The intuition behind the solution is grounded in dynamic programming. We understand that trying all possible subarrays and checking if they are palindromic would be inefficient. Therefore, to optimize our approach, we can break down the problem:

  1. We can start by understanding that if a single element is always a palindrome, thus it can be removed in one move.
  2. For two elements, they can be removed in one move if they are the same or two moves if they are different, which can be the basis for our dynamic programming transition.
  3. For a larger subarray, the number of moves depends on whether the ends of the subarray match. If they do, the subarray could potentially be removed in one move (if the entire subarray is a palindrome), or the minimum moves could be achieved by splitting the subarray at some other point.
  4. For subarrays that don't have matching ends, we know that they can't be palindromic by themselves, so we look for where to split the subarray into two parts, each of which can be further split into palindromic subarrays.
  5. A dynamic programming table f can store the minimum number of moves required to remove a subarray arr[i:j]. Initially, all entries are set to zero, except for subarrays of length 1, which are set to 1.

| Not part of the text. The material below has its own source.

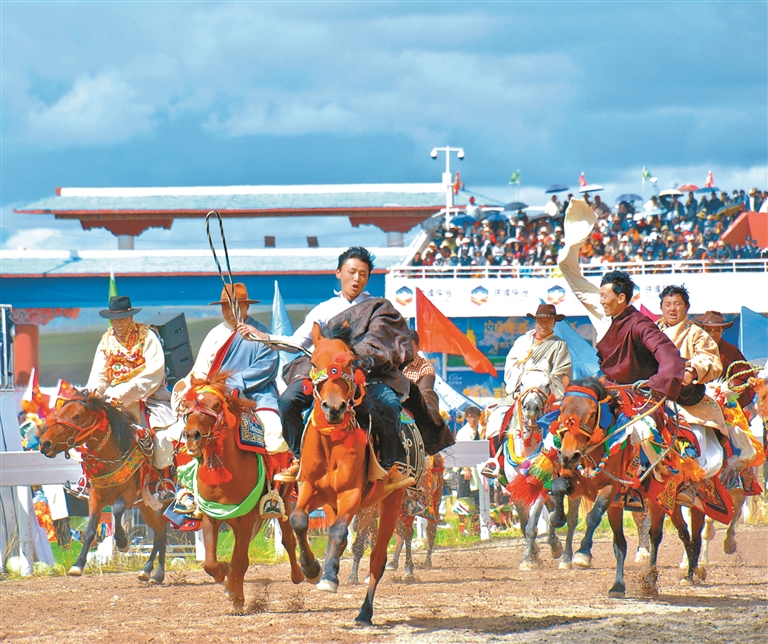 格薩爾賽馬場上,人群依然歡騰,掌聲、喝彩聲此起彼伏。馬蹄聲碎,揚(yáng)起歲月的塵煙與時(shí)代的新輝;長調(diào)悠遠(yuǎn),掠過蒼茫的草場與無垠的晴空。人們以賽馬為媒,以歌舞為言,在這片高原相遇、相擁,傳遞著來自遠(yuǎn)古的熱情與今日的豪邁。這一刻,羌塘不再遙遠(yuǎn),傳統(tǒng)從未老去,夢想生生不息。

By approaching the problem in this way, we incrementally build up the solution using information from smaller subarrays, storing and reusing these results to make the algorithm efficient.

Solution Approach

We create a 2D array f to use as a dynamic programming table, where f[i][j] represents the minimum number of moves needed to remove the subarray starting at i and ending at j. We initialize a diagonal of this table with ones since any single element can be removed in one move.

The next step is to fill in the table for larger subarrays. We consider each possible size of subarray starting from the smallest (2) and going up to the size of the entire array.

For each size, we iterate over all possible starting indices. The table is filled in a manner that for each subarray arr[i:j]:

  • If arr[i] equals arr[j], it means we can potentially remove the subarray in one move if the inside part arr[i+1:j-1] is also a palindrome (which we know from f[i+1][j-1]).
  • If arr[i] is not equal to arr[j], it means we need to split the array into two parts and the number of moves is the sum of moves for each part at the optimal splitting point. To find this point, we iterate through all possible ways to split the subarray arr[i:j] into two parts arr[i:k] and arr[k+1:j], and keep the minimum number of moves.

Once we fill in the table, the answer to the problem is the entry that represents the number of moves to remove the entire array, which is stored in f[0][n - 1], where n is the length of the array.

Learn more about Dynamic Programming patterns.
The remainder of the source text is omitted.